时间:2015-12-28 22:18:43

标签: windows memory-leaks stack-trace mixed-mode

像你们大多数人一样,你们可能知道存在许多不同的机制来构建堆栈跟踪,从windows api开始,并继续进入神奇的汇编世界的深度 - 让我列举一些我已经研究过的链接。

总而言之,让我提一下,我想要有混合模式(托管和非托管)/ 64位+ AnyCPU应用程序的内存泄漏分析机制,并且从所有windows api的CaptureStackBackTrace最适合我的需求,但是因为我已分析 - 它不支持托管代码堆栈行走。 但是那个函数API最接近我的需要(因为它还计算回跟踪散列 - 特定调用堆栈的唯一标识符)。

我已经排除了查找内存泄漏的不同方法 - 我尝试过的大多数软件要么崩溃要么不能正常工作,要么产生不好的结果。

此外,我不想重新编译现有的软件并覆盖malloc / new其他机制 - 因为它的任务繁重(我们拥有大量代码库和大量的dll)。此外,我怀疑这不是我需要执行的一次性工作 - 问题以1-2周期回归,具体取决于编码的人和内容,因此我更倾向于在应用程序本身内置内存泄漏检测(内存) api挂钩)而不是一遍又一遍地解决这个问题。

http://www.codeproject.com/Articles/11132/Walking-the-callstack

使用StackWalk64 Windows API函数,但不能与托管代码一起使用。此外64位支持还不完全清楚 - 我已经看到64位问题的一些解决方法 - 我怀疑当在同一个线程内完成堆栈遍历时,此代码不能完全正常工作。

然后存在进程黑客: http://processhacker.sourceforge.net/

其中也使用StackWalk64,但扩展了它的回调函数(第7和第8个参数)以支持混合模式堆栈行走。 在使用7/8回调函数进行了大量复杂操作之后,我还成功地获得了支持混合模式支持的StackWalk64(将堆栈跟踪作为向量捕获 - 其中每个指针指向调用过去的汇编/ dll位置)。 但正如您可能猜到的那样 - StackWalk64的性能不足以满足我的需求 - 即使使用C#端的简单消息框,应用程序只需“挂起”一段时间,直到它正确启动。

我没有看到CaptureStackBackTrace函数调用的这么大的延迟,所以我认为StackWalk64的性能不足以满足我的需求。

还存在基于COM的堆栈跟踪确定方法 - 像这样: http://www.codeproject.com/Articles/371137/A-Mixed-Mode-Stackwalk-with-the-IDebugClient-Inter

http://blog.steveniemitz.com/building-a-mixed-mode-stack-walker-part-1/

但我害怕 - 它需要COM,并且线程需要初始化,并且由于内存api挂钩我不应该在任何线程中触及com状态,因为它可能导致更重的问题(例如不正确的公寓初始化,其他故障)

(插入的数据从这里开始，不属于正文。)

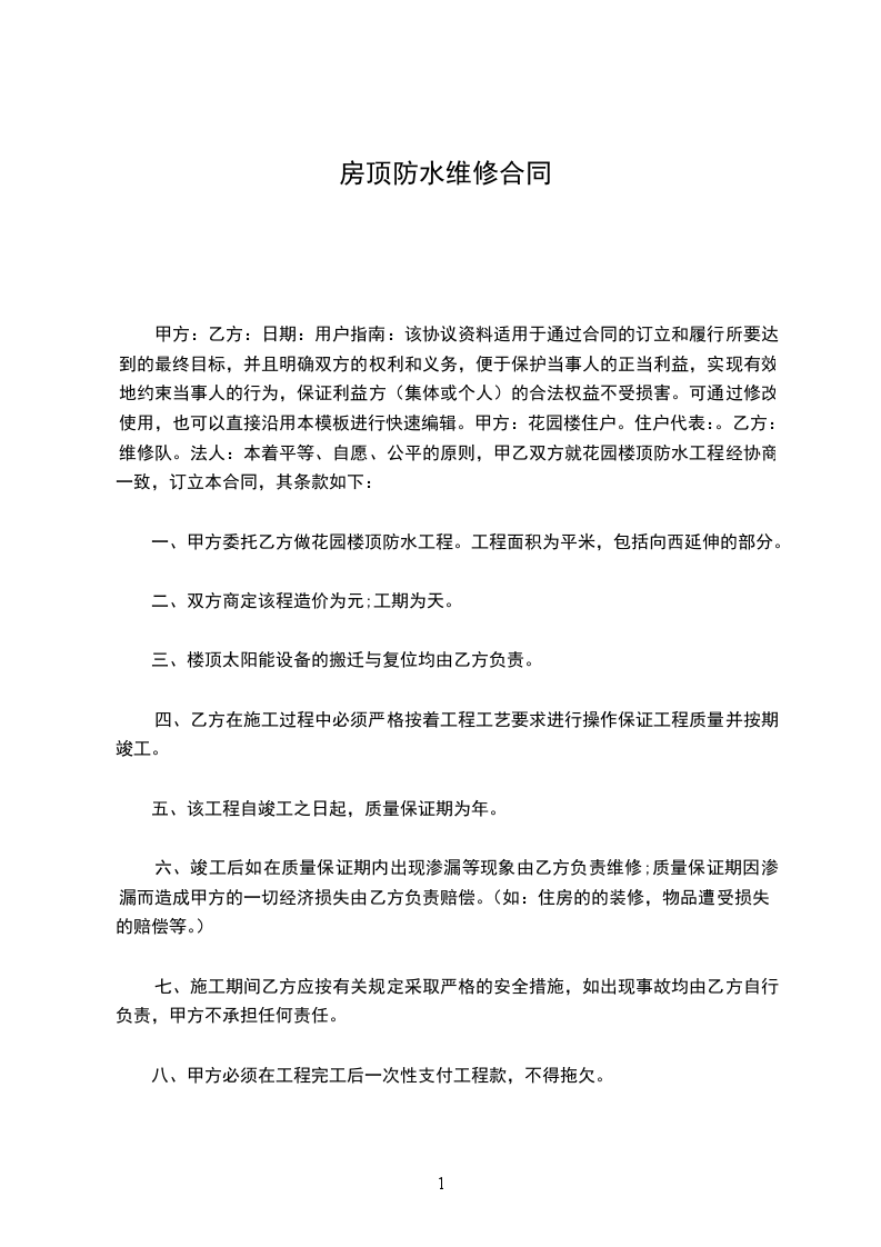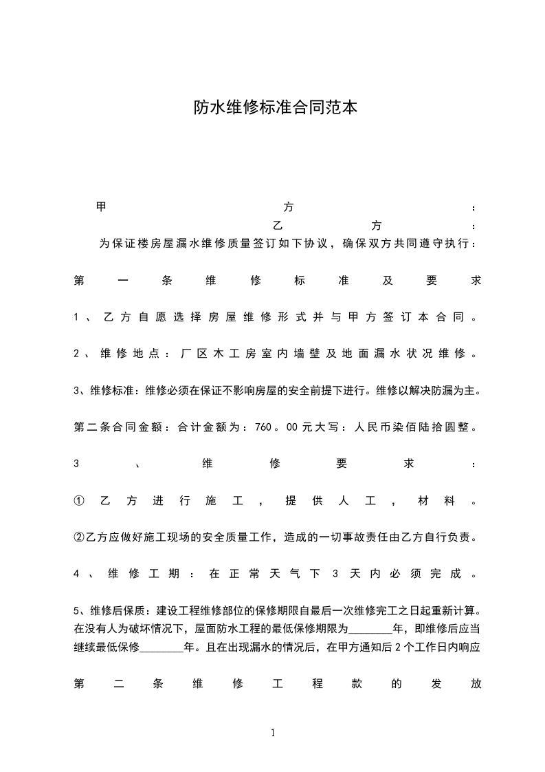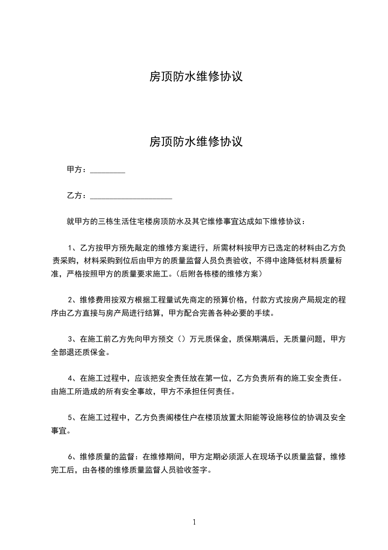 为保证楼房屋漏水维修质量签订如下协议,确保双方共同遵守执行:
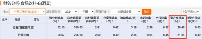 而根据申万二级白酒行业的数据,行业资产负债率均值仅为26.46%,行业中值也只是31.04%。

现在我已经达到了Windows API不足以满足我自己需求的程度,我需要手动遍历调用堆栈。 例如,可以找到这样的例子:

http://www.codeproject.com/Articles/11221/Easy-Detection-of-Memory-Leaks 请参阅函数FillStackInfo / 32位,不支持托管代码。

有一些关于反转堆栈跟踪的提及 - 例如在以下链接上:

  1. http://blog.airesoft.co.uk/2009/02/grabbing-kernel-thread-contexts-the-process-explorer-way/
  2. http://cbloomrants.blogspot.fi/2009/01/01-30-09-stack-tracing-on-windows.html
  3. http://www.gamedev.net/topic/364861-stack-dump-on-win32-how-to-get-api-addresses/
  4. http://eli.thegreenplace.net/2011/09/06/stack-frame-layout-on-x86-64/
  5. 特别是1,3,4个链接提供了一些有趣的夜间阅读。 : - )

    但即便如此,它们也是相当有趣的机制,其中任何一个都没有完全可用的演示示例。

    我想其中一个例子是Wine的dbghelp实现(用于linux的Windows“模拟器”),它也显示了StackWalk64最终的工作原理,但我怀疑它与DWARF2文件格式的可执行文件有很大关系,因此它与当前的Windows PE可执行文件格式。

    有人可以指点我很好地实现堆栈行走,在64位架构上工作,支持混合模式(可以跟踪本机和托管内存分配),这完全是在寄存器/调用堆栈/代码分析中绑定的。 (1,3,4的组合实施)

    是否有人与Microsoft开发团队有任何良好的联系,他们可能会回答这个问题?

6 个答案:

答案 0 :(得分:2)

2015年9月1日 - 我找到了由进程黑客调用的原始函数,那个是

C:\的Windows \ Microsoft.NET \ Framework64 \ v4.0.30319 \ mscordacwks.dll OutOfProcessFunctionTableCallback

它的源代码 - 在这里: https://github.com/dotnet/coreclr/blob/master/src/debug/daccess/fntableaccess.cpp

从那里我拥有该源代码中的大部分更改的所有者 - Jan Kotas(jkotas@microsoft.com)并就此问题与他联系。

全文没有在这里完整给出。